** EXTRACTED RECORDS **
☆ ☆ ☆
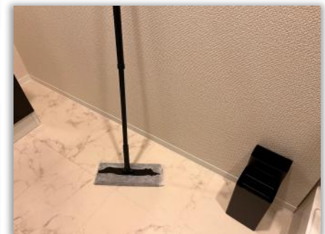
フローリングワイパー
☆ ☆ ☆
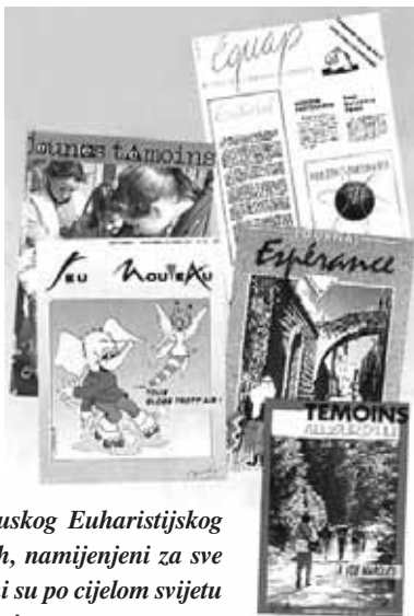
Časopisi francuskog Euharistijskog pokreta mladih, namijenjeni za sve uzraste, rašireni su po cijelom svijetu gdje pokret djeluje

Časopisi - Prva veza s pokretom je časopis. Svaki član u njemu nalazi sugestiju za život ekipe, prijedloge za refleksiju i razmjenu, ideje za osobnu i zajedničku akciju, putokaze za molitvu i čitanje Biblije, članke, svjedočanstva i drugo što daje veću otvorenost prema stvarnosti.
☆ ☆ ☆
** TASK TO CARRY OUT **
In the listing above, find the line with "Časopisi francuskog Euharistijskog" and the line with "Časopisi - Prva", then print exactly those two lines and every line between them, and nothing more.

** TASK OUTPUT **
Časopisi francuskog Euharistijskog pokreta mladih, namijenjeni za sve uzraste, rašireni su po cijelom svijetu gdje pokret djeluje

Časopisi - Prva veza s pokretom je časopis. Svaki član u njemu nalazi sugestiju za život ekipe, prijedloge za refleksiju i razmjenu, ideje za osobnu i zajedničku akciju, putokaze za molitvu i čitanje Biblije, članke, svjedočanstva i drugo što daje veću otvorenost prema stvarnosti.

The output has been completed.